A great example of an upheaval in “common knowledge” dictated by the experts is the drastic changes to the food pyramid that most of us grew up with emblazoned on our psyche.  This recent change is embedded within an American society full of paradoxes around food and eating (huge restaurant portions AND listing the calorie count -- so make good choices!). All of us likely struggle to some extent with what we consider “healthy” versus what we want for our children. (My husband has a Coke zero every afternoon, but we tell the kids “no soda.”) Struggling with food and feeding as parents is likely the norm and not the exception, so know that if you are struggling, you are not alone.

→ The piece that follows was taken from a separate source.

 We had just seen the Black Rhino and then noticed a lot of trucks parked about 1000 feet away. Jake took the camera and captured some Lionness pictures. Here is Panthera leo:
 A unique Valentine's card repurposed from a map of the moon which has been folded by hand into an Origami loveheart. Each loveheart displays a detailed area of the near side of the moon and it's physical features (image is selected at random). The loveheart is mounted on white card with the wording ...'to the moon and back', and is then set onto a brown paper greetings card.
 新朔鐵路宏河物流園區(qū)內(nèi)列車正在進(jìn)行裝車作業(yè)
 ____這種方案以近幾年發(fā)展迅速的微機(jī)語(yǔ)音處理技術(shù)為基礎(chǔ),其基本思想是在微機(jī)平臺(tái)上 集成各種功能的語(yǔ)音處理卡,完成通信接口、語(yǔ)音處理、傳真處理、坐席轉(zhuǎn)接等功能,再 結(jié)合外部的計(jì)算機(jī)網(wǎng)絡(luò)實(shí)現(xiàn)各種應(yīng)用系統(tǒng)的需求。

Food and eating behaviors are intertwined to create that tension between wanting our children to have adequate nutrition for growth, and just wanting the kids to eat . . . anything at all. As I first entered this phase as a new parent, I was fortunate to work with registered dietitians who recommended an excellent book, Child of Mine, by nutritionist Ellyn Satter. She uses an evidence-based approach to food and eating across developmental stages. This is another example of tailoring the guidelines to what works best for each family, but some principal tenets are: the parent is responsible for providing healthy, well-balanced options for each meal, the child is responsible for eating it; implementing a “no-thank-you bite” policy (at every meal) so kids try new foods (even 25 times) even if they do not want to eat them; refraining from tying dessert to eating enough since this sets up sugary treats as even more desirable and worth pursuing over other types of food. As I have been preaching, Ellyn Satter’s website includes a list of references, including studies published in peer-reviewed articles, considered the gold standard for “good evidence.” 

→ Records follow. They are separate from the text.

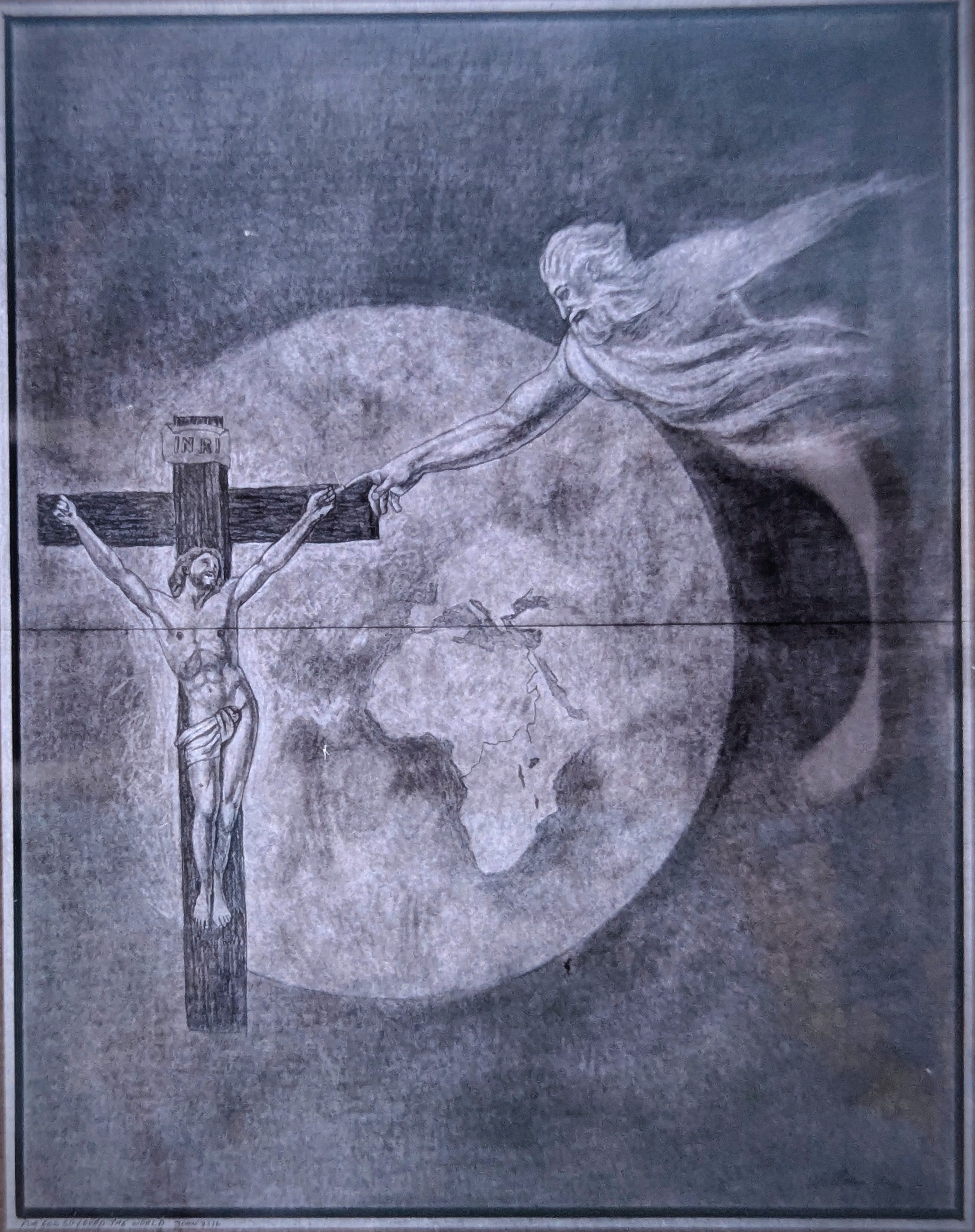 A drawing suspended in space. Jesus, crucified with arms nailed upward. From the right, a fatherly spirit reaches out in the same gesture as God in Michelangelo’s Creation of Adam. The same profile, same flowing hair. Between them, the planet Earth shows Africa most clearly.
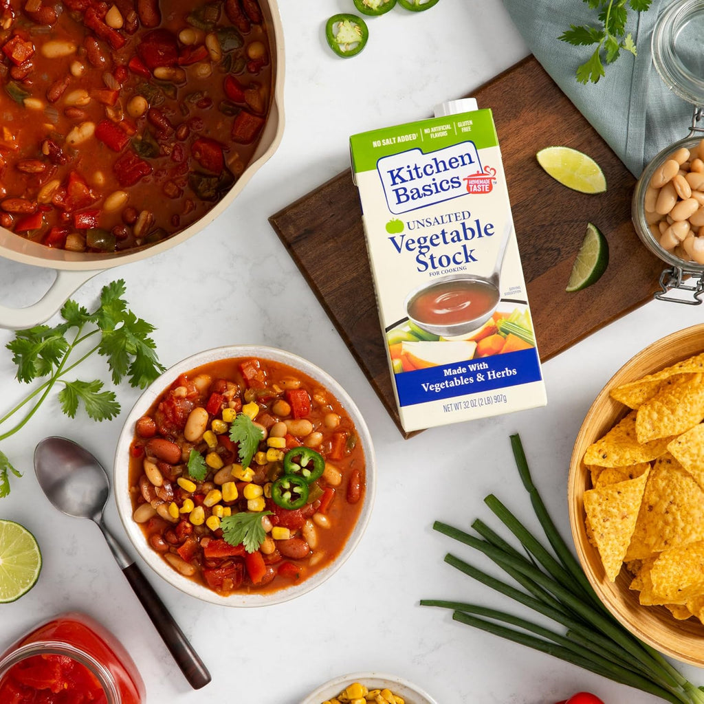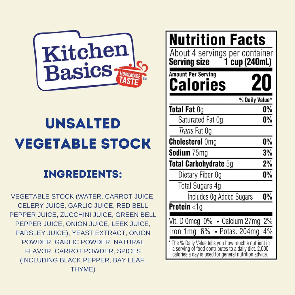 Kitchen basics unsalted vegetable stock contains no added salt and msg. Of natural salt per serving. Every 32 oz. Package of kitchen basics unsalted vegetable stock is free of gluten and 0 g. Of fat and cholesterol. Every 1-cup serving of unsalted vegetable stock provides 10% of the daily recommended value of vitamin a and contains just 4 g. Of sugar and 25 calories.
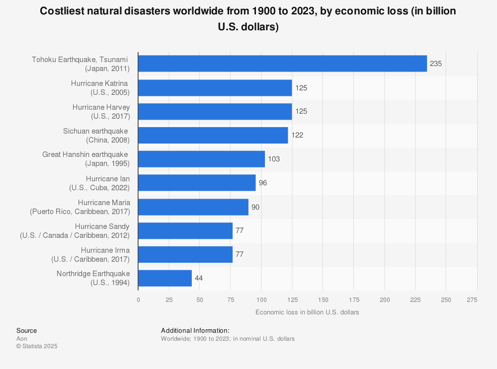 The graph below shows The Costliest Natural Disasters Worldwide from 1900 to 2023, by Economic Loss (in billion U.S Dollars)

From a behavioral perspective, it is absolutely key to your meal-time psychological survival over many years of mealtimes to cut out the power struggle as early as possible. Children are in a constant state of figuring out how to assert control, and this is an area they often "win" because parents live in fear of a malnourished child. However, I have seen in my own clinical practice, that what happens more than malnourishment is a picky eater whose behaviors become more entrenched and hard to change over time. There can be many contributing factors to this picky eating phenomenon, but in the case of a child accustomed to eating exactly what they want since a young age, this can be prevented by sticking to consistent practices in the early years, such as not making special meals (eg, he will only eat a quesadilla, so when he refuses the chicken and carrots, I just make him a quesadilla so he doesn’t go hungry). It may take weeks to months for your children to “give in” and eat what is on their plate, but this short-term pain is worth the long-term gain. It ends up that the eating behavior is much more important than the food itself when we are aiming as parents to be “healthy.”

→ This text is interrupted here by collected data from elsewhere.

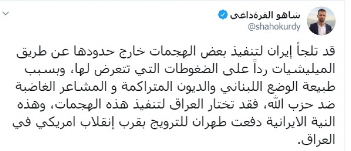 توقع الكاتب الصحفي العراقي شاهو القرة داغي، اليوم، أن تشن إيران بعض الهجمات خارج حدودها عن طريق المليشيات التابعة لها.
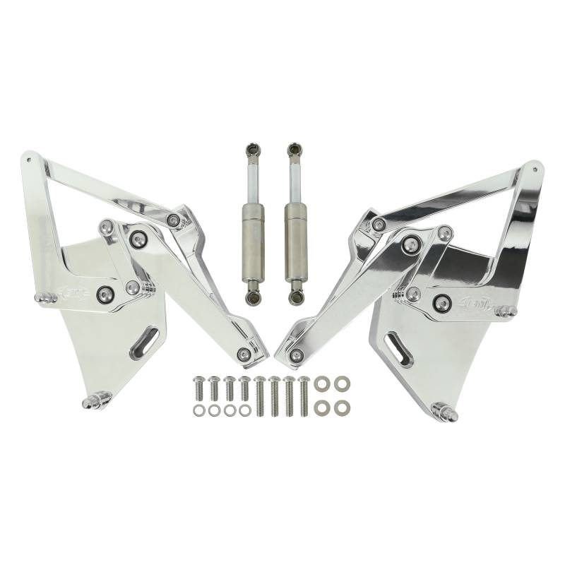 Brothers Trucks Billet hood hinges are CNC machined to perfection out of 6061-T6 billet aluminum. All pivot points have a sealed bearing for a smooth operation which allows for easy hood opening and closing. All hinges come complete with stainless steel mounting hardware and are a perfect addition to your ride. Sold as a pair.
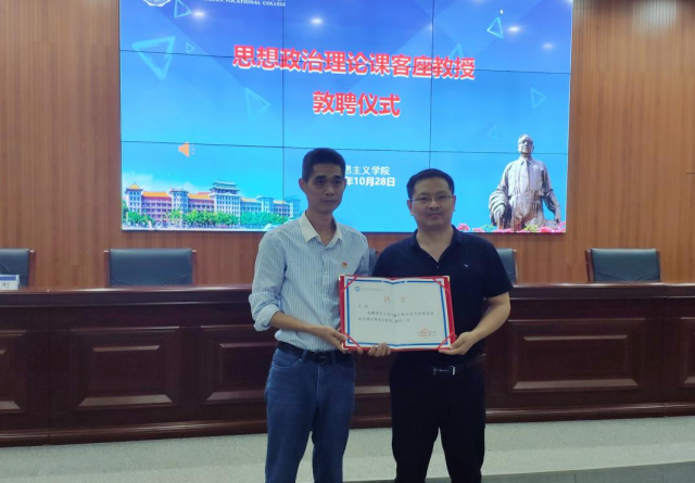 ​本次讲座还举行了厦门海洋职业技术学院思想政治理论课客座教授敦聘仪式,马克思主义学院院长林杰钦代表学校为王刚教授颁发聘书。

In our family, water is our main staple for beverage (it might help that we, the adults, have the habit of drinking a ton of water). In fact, we somehow convinced our children that flavored water is a fancy, special beverage they can have at dinner Friday and Saturday nights. Lemonade has become the drink of choice when eating at restaurants but due to the cost and chaos of a family of five eating out, it doesn’t happen frequently. The point of sharing this is that each family develops its own culture around nutrition and drinking and eating habits. A zealously served cup of fruit punch at a birthday party is not going to ruin your child’s health, but these daily habits in the home can be manageable and make nutrition easier later.

As always, you do what works for your family and if a problem seems to arise (the pediatrician expresses concerns about growth or a lab shows a nutritional deficiency), then you respond and deal with it. As with all other areas of parenting, the stress and pressure you feel as a parent may negatively affect your child more than eating chicken strips a little too often, so relax and enjoy your meal.